## ACTIVITY
In the records below, the line with "[심상민영어] 2025년 언주중1학년학기 중간 원본및 정답" and every line after it must be written out exactly; no pictures belong in the result.

_____

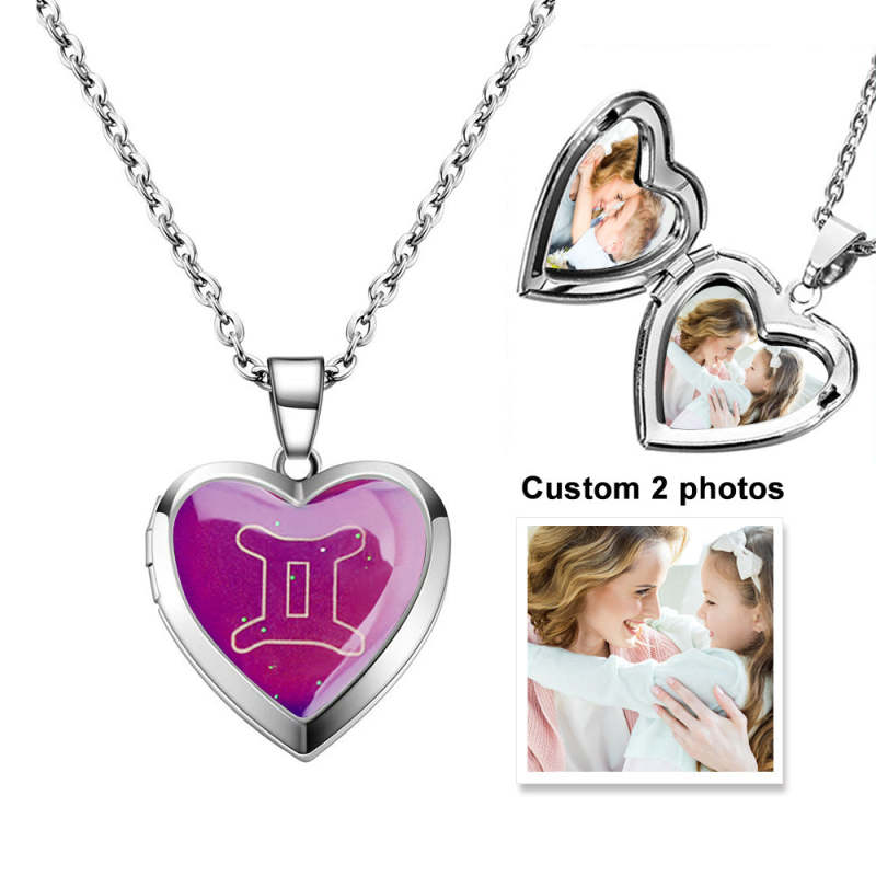 Collier Médaillon Coeur Photo Personnalisé Douze Constellations Température Détection Changement De Couleur Pendentif Collier
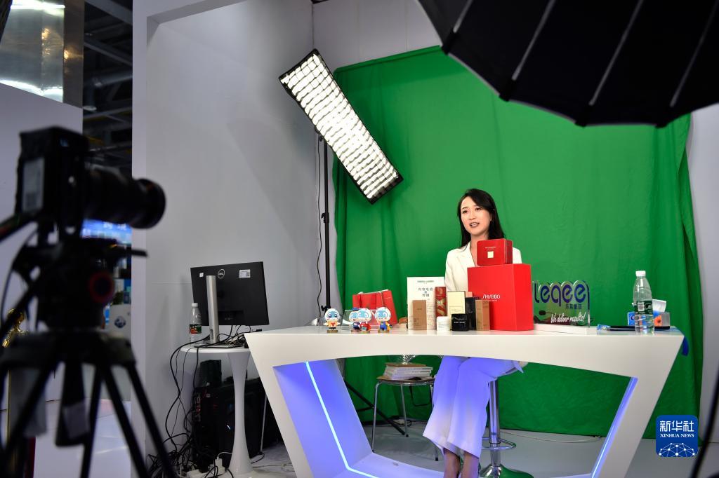 11月23日,在第二屆全球數字貿易博覽會絲路電商館,一名主播進行電商直播。
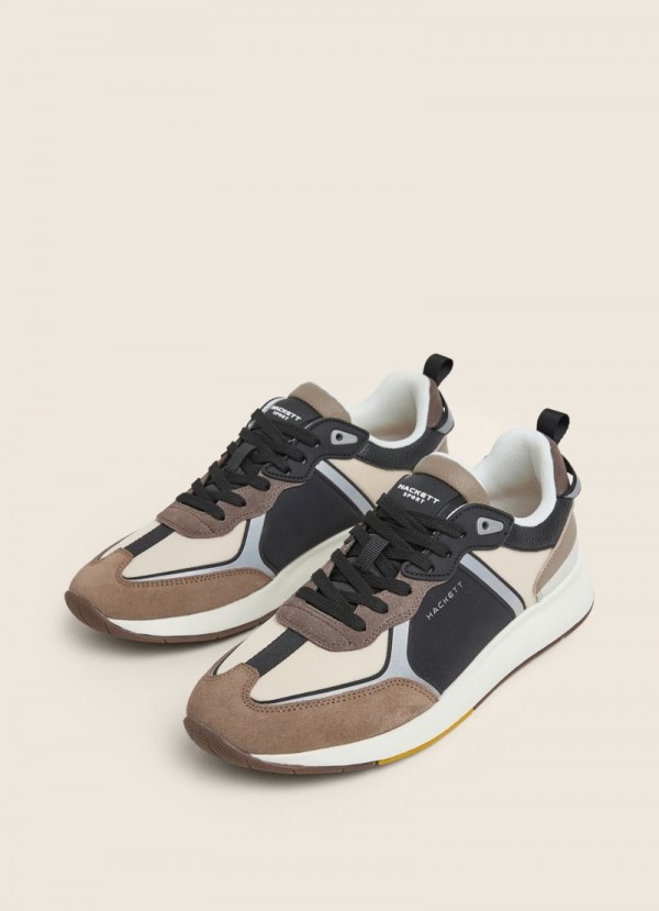 Näissä ilmavissa tennareissa on hienostunut yhdistelmä kuvioitua kangasta ja pehmeää mokkanahkaa. Näissä tennareissa on heijastavia yksityiskohtia yläosassa, koristeteippi kantapäässä ja kuumasaumattu viimeistely, jotka takaavat paremman kestävyyden.
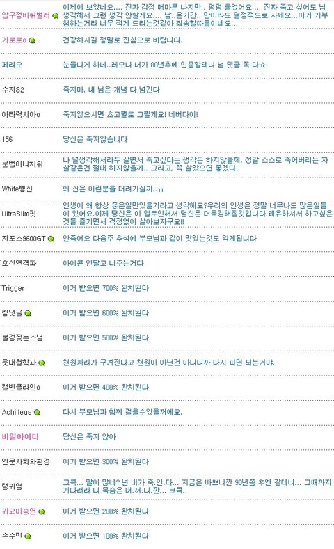 제발... 제발... 형들..누나들.. 제발 부탁이야... 죽고싶다는말... 죽고싶다는 마음.. 그런마음 갖지말아줘..
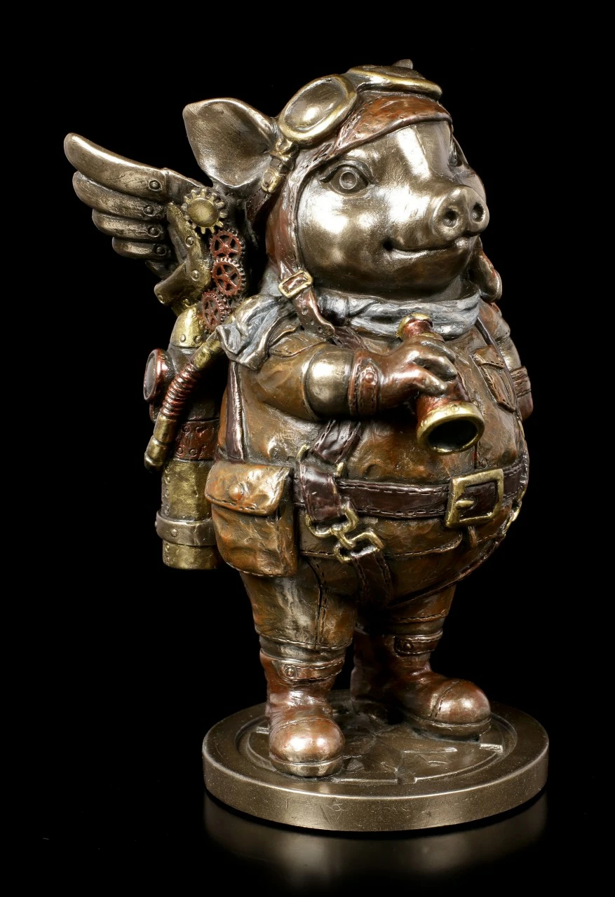 Pocus Machina ist wohl eine der ungewöhnlichsten Figuren von Veronese. Diese detailreiche Steampunk Schweine Figur aus der Serie Studio Collection besticht durch das außergewöhnliche Design und die vielen Details. Das als Flieger gekleidete Schwein aus fein bronziertem und coloriertem Kunststein (Polyresin) hat seine mechanischen Flügel umgeschnallt und mit seinem Fernrohr erkundet es die Umgebung. Ob es wohl bald abheben will?
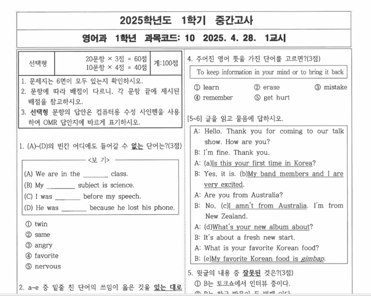 [심상민영어] 2025년 언주중1학년학기 중간 원본및 정답
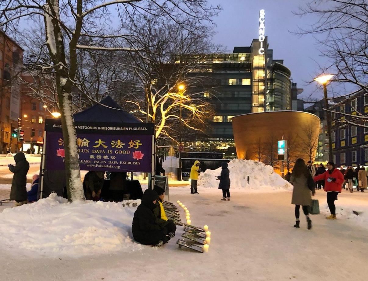 很多人都曾经从报纸上了解到中国的人权状况。有一位芬兰人起初并不相信这些暴行会发生在中国,在向学员了解事情的真相后,这位芬兰人轻轻地拍了拍学员的肩膀,说在芬兰做这些传播真相的活动是有意义的。得知现场有法轮功学员曾因为信仰在中国遭到迫害,最后逃离中国在芬兰定居的故事后,四位女士流下了眼泪,并拥抱了学员,祝愿学员们未来一切顺利。
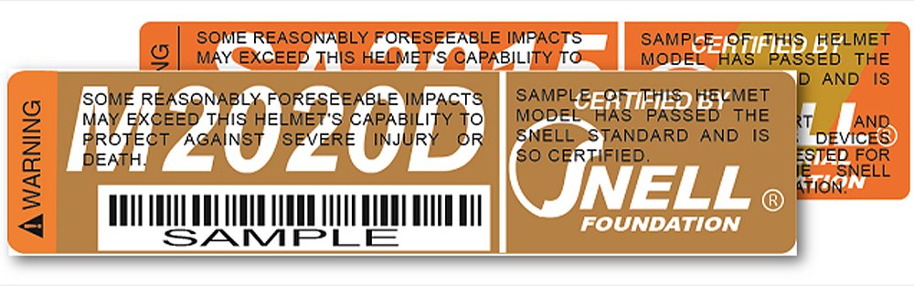Snell-approved helmets not only bear the organization’s stamp of approval but also contain a branded sticker and barcode on the inside. Alternatively, customers can refer to the company’s website for a list of all Snell-certified helmet models. Snell photo.
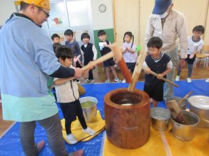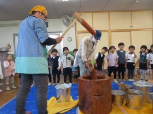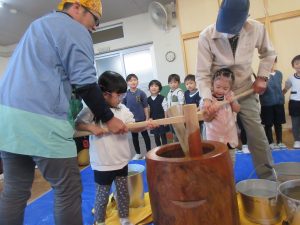 たかしおじいちゃんと、お父さんボランティアの方が、餅米を潰してくれました。

_____

## PROBLEM SOLUTION
 [심상민영어] 2025년 언주중1학년학기 중간 원본및 정답
 很多人都曾经从报纸上了解到中国的人权状况。有一位芬兰人起初并不相信这些暴行会发生在中国,在向学员了解事情的真相后,这位芬兰人轻轻地拍了拍学员的肩膀,说在芬兰做这些传播真相的活动是有意义的。得知现场有法轮功学员曾因为信仰在中国遭到迫害,最后逃离中国在芬兰定居的故事后,四位女士流下了眼泪,并拥抱了学员,祝愿学员们未来一切顺利。
Snell-approved helmets not only bear the organization’s stamp of approval but also contain a branded sticker and barcode on the inside. Alternatively, customers can refer to the company’s website for a list of all Snell-certified helmet models. Snell photo.
 たかしおじいちゃんと、お父さんボランティアの方が、餅米を潰してくれました。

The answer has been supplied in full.